白雪姫さまがお眠りになる夜叉ケ池を訪ね、かっこいい雪稜を登り夜叉丸の山頂に立とうと思っていたが、とんでもない。
この雪質のラッセルでは、トラバース地点までまだまだ時間がかかる。
傾斜が落ち着いても、雪質は落ち着いてくれない。
三周ヶ岳と同様、今日もよいしょ、よいしょと自分を励ましながらの登りが続いていく。
でも、やはり、一歩一歩の歩みは着実だ。いつしかまわりは雪を纏った風格のあるブナが立ち並ぶ尾根となり、
標高1100mで、ふんわりとした雪原に出た。あたりの木々はまっ白な霧氷で覆われている。

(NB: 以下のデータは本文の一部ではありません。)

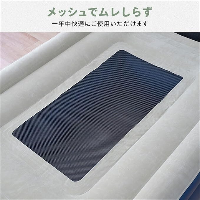 [キャンパーズコレクション 山善] コードレスポンプ内蔵 電動エアベッド 極厚 メッシュ シングル 幅100 奥行200 高さ45cm 注入・排出両方できる ネイビー CGAB-002M(GY/NV) | KAZESHOP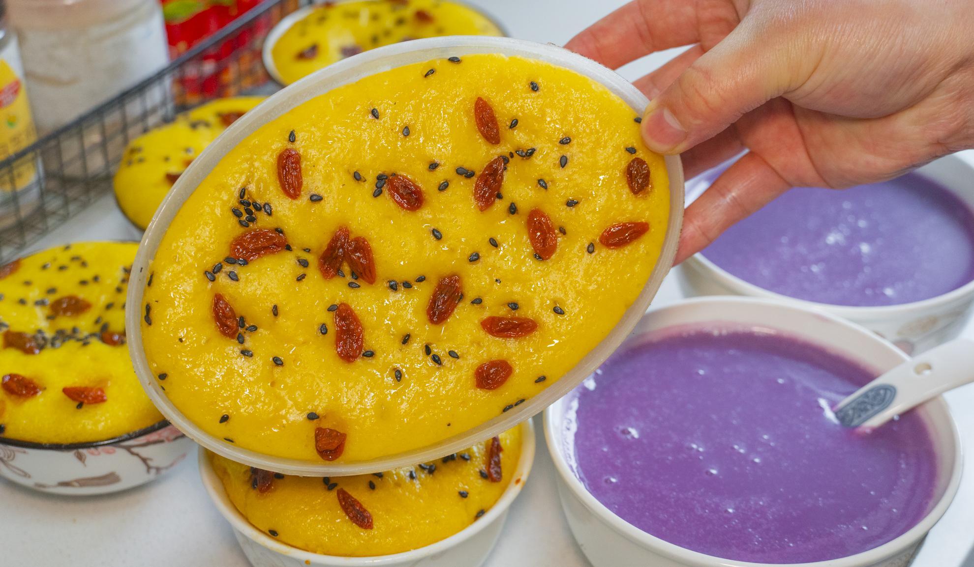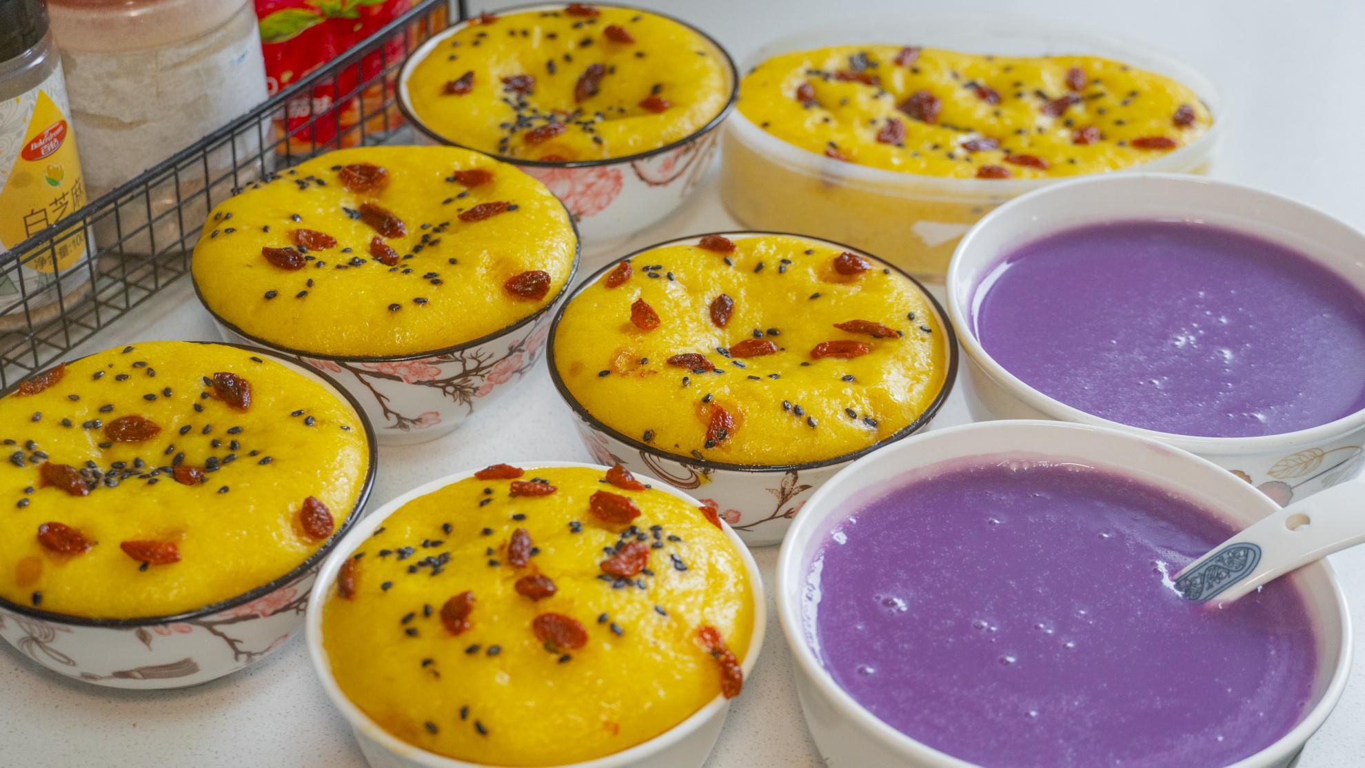食材清單:小米、南瓜、麪粉、木薯粉、酵母、白糖、牛奶、紅棗、葡萄乾、銀耳、紫薯、黃豆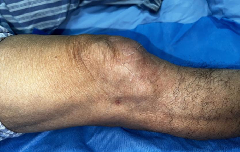 膝關(guān)節(jié)可見(jiàn)有多個(gè)痛風(fēng)石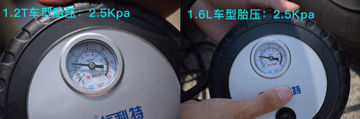测试之前我们要先将两辆车的胎压调至2.5Kpa,保持共性、减小差异。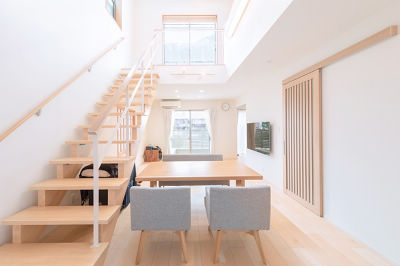 ホワイトとメープルを基調にした、ぬくもりのある上品なインテリア。 幅木をホワイトに変えて、空間全体がすっきりした印象になりました。
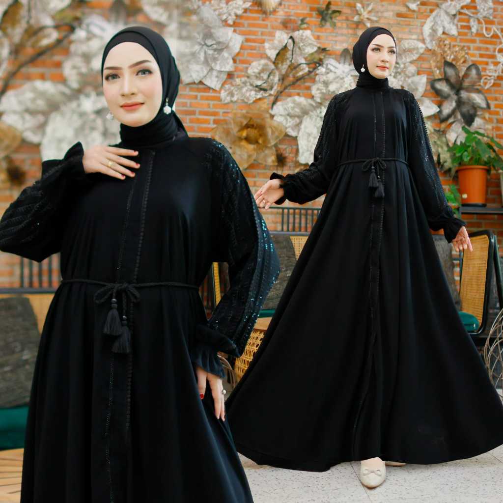 Abaya premium set kerudung pasmina resleting full bisa jadi outer jetblack wolpich dubai terbaru
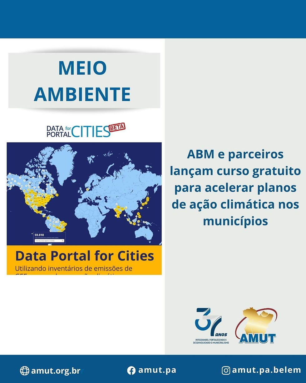 A Associação Brasileira de Municípios (ABM), em parceria com o Pacto Global de Prefeitos pelo Clima e a Energia (GCoM) e a rede C40 Cities, apresenta o curso online Data Portal for Cities: utilizando inventários de emissões de GEE para acelerar a ação climática. A iniciativa visa capacitar tecnicamente as cidades brasileiras para transformarem dados de emissões em estratégias concretas de combate às mudanças climáticas.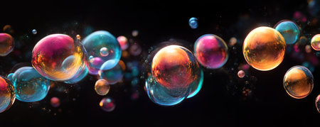Colorful soap bubbles on a black background, vibrant reflections. Abstract art and science concept
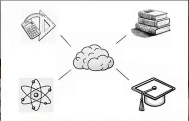 首先,观察可知题干中包含以下元素:直尺(代表数据与精准)、书本(代表着知识与专业)、行星(代表着天文知识)、计算器(代表着计算与效率),而这些所有的要素都围绕着大脑,以一个大脑为核心,所以我们通过拆分与结合相理解就可知,这些所有的要素都能够被这个大脑所囊括,且大脑才是最核心的要素。
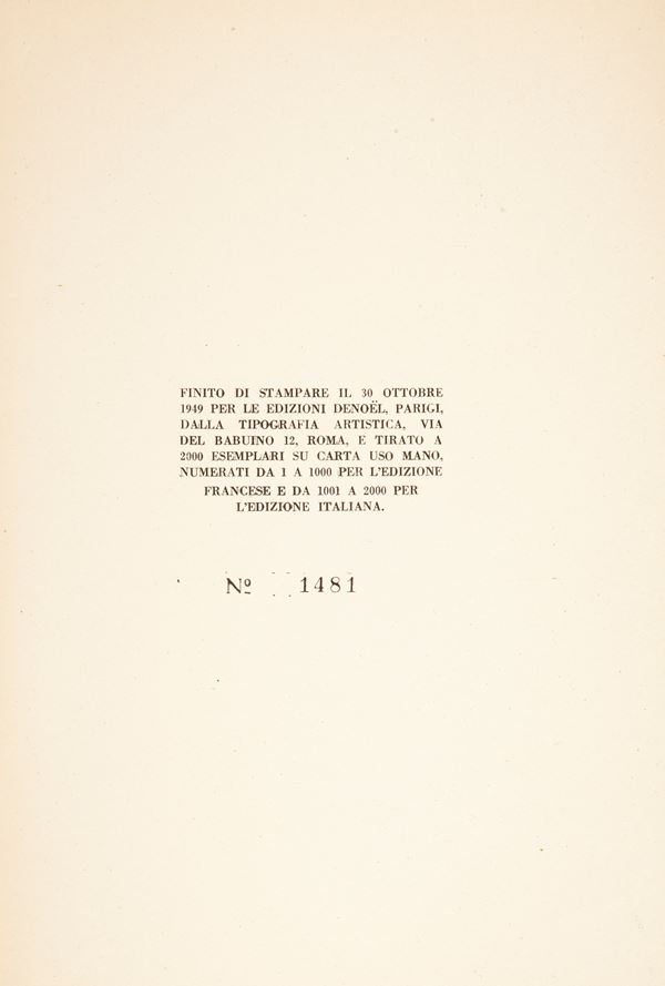 9 disegni nel testo e 30 tavole. Tiratura limitata a 2.000 esemplari numerati (da 1 a 1.000 nella versione francese e da 1.001 a 2.000 nella versione italiana), ns esemplare n. 1.481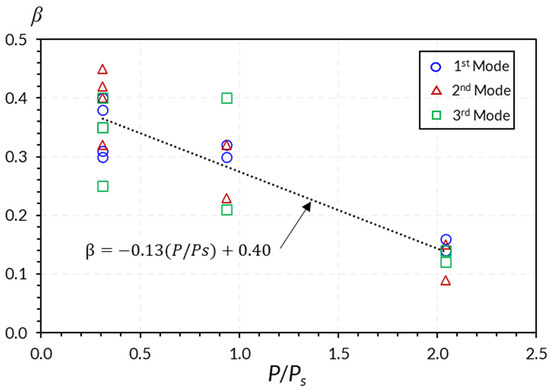 The best-fitted β values from all study cases are plotted against their corresponding P/Ps in Figure 12. Their relationship can be approximated by the best-fitted linear regression formula (dashed line in Figure 12), as follows: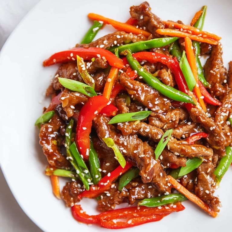Pin It My neighbor brought me snap peas from her garden one July afternoon, still cool and crisp in a paper bag. I had pork tenderloin thawing and no solid plan for dinner. That's when I threw together this stir-fry, standing at the stove with the windows open and the sound of kids playing basketball down the street. The sauce turned glossy and perfect on the first try, clinging to everything like it had been doing this forever. We ate it straight from the pan, barefoot in the kitchen, and I've been making it ever since.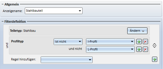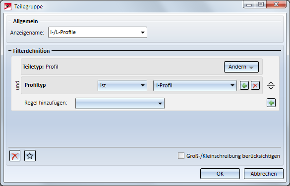- Da diese Teilegruppe nur für I- und L-Profile gelten soll, muss hier eine Regel hinzugefügt werden. Wählen Sie in der Listbox unter Eigenschaften den Eintrag Profiltyp. I-Profil ist dann voreingestellt.

あぁ、間に合ったのね。満面の笑みがこぼれる。ここから右の夜叉丸山頂に至る尾根へとトラバースしていく。
山頂まであと100m。もう少しだ。ところが、このやさしい地形のやさしく光る雪が、明るくなったこころを挫かせた。
膝下まで潜る重い雪。すぐ横の尾根になかなか登れない。あぁ、今日は余計なものを持ってきてしまった。
リュックが重く感じられ、折り畳み傘とチェーンスパイクを、何で入れっぱなしにしていたのだろう、と後悔する。
よたよたと尾根に乗ると、煌めく霧氷の回廊が出迎えてくれた。足は遅々としているのにこころは忙しい。
また、ぱぁっと光が差しこんで、よろこびに包まれる。頑張ってよかった。青い空もすぐ上に広がっている。
1212m夜叉丸。11時、遮るものがない純白の山頂に辿り着いた。
年末に訪れた三周ヶ岳が目の前に、神々しいまでの白い光を放ち鎮座されている。ふるふるふると微かに揺れていた雪原には、
ナイフの刃のような雪庇が見られる。眼下のまっ白な雪で埋もれた夜叉ケ池は、うつくしい霧氷で縁どられている。
見上げた空は青く澄み渡り、遥かアルプスの峰々まで望む。
足は疲れている。ここでゆっくりと絶景を楽しみ、煌めく雪稜を下り、夜叉ケ池に行こうかな。
霧氷の池は次いつ出会えるか分からない・・・。あまりにも素晴らしい風景を前に、こころは振り子状態に。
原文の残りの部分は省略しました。